Would you print the lines below exactly, beginning at the line that has "2、將兩人份的冷面放入開水煮" and stopping after the line that has "Tranquil Hudson Woods"? Only those lines, and no pictures.

Data excerpts:
==============================
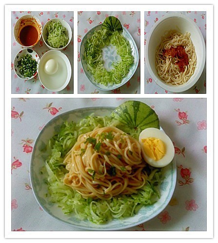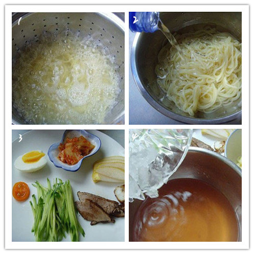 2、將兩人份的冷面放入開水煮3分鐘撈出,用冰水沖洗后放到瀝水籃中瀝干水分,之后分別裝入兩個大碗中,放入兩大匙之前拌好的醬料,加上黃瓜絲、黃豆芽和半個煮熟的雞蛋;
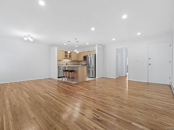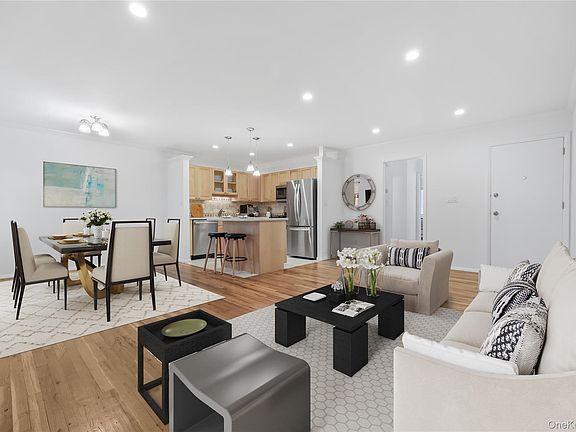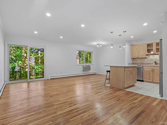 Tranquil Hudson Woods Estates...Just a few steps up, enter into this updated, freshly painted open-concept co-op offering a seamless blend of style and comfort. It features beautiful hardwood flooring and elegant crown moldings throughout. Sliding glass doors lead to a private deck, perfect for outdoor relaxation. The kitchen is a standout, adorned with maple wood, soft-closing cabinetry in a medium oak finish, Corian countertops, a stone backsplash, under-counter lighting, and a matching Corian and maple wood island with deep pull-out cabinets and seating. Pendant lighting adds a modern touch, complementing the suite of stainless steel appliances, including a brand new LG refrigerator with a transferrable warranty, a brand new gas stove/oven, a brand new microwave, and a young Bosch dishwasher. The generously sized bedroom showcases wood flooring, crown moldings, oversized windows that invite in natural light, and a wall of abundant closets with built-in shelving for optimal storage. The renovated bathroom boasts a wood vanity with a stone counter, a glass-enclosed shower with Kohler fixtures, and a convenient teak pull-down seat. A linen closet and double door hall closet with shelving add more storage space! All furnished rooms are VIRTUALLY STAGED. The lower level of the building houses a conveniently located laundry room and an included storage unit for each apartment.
==============================
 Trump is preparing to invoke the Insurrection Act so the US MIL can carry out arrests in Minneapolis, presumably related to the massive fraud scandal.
==============================
Written response:
 2、將兩人份的冷面放入開水煮3分鐘撈出,用冰水沖洗后放到瀝水籃中瀝干水分,之后分別裝入兩個大碗中,放入兩大匙之前拌好的醬料,加上黃瓜絲、黃豆芽和半個煮熟的雞蛋;
 Tranquil Hudson Woods Estates...Just a few steps up, enter into this updated, freshly painted open-concept co-op offering a seamless blend of style and comfort. It features beautiful hardwood flooring and elegant crown moldings throughout. Sliding glass doors lead to a private deck, perfect for outdoor relaxation. The kitchen is a standout, adorned with maple wood, soft-closing cabinetry in a medium oak finish, Corian countertops, a stone backsplash, under-counter lighting, and a matching Corian and maple wood island with deep pull-out cabinets and seating. Pendant lighting adds a modern touch, complementing the suite of stainless steel appliances, including a brand new LG refrigerator with a transferrable warranty, a brand new gas stove/oven, a brand new microwave, and a young Bosch dishwasher. The generously sized bedroom showcases wood flooring, crown moldings, oversized windows that invite in natural light, and a wall of abundant closets with built-in shelving for optimal storage. The renovated bathroom boasts a wood vanity with a stone counter, a glass-enclosed shower with Kohler fixtures, and a convenient teak pull-down seat. A linen closet and double door hall closet with shelving add more storage space! All furnished rooms are VIRTUALLY STAGED. The lower level of the building houses a conveniently located laundry room and an included storage unit for each apartment.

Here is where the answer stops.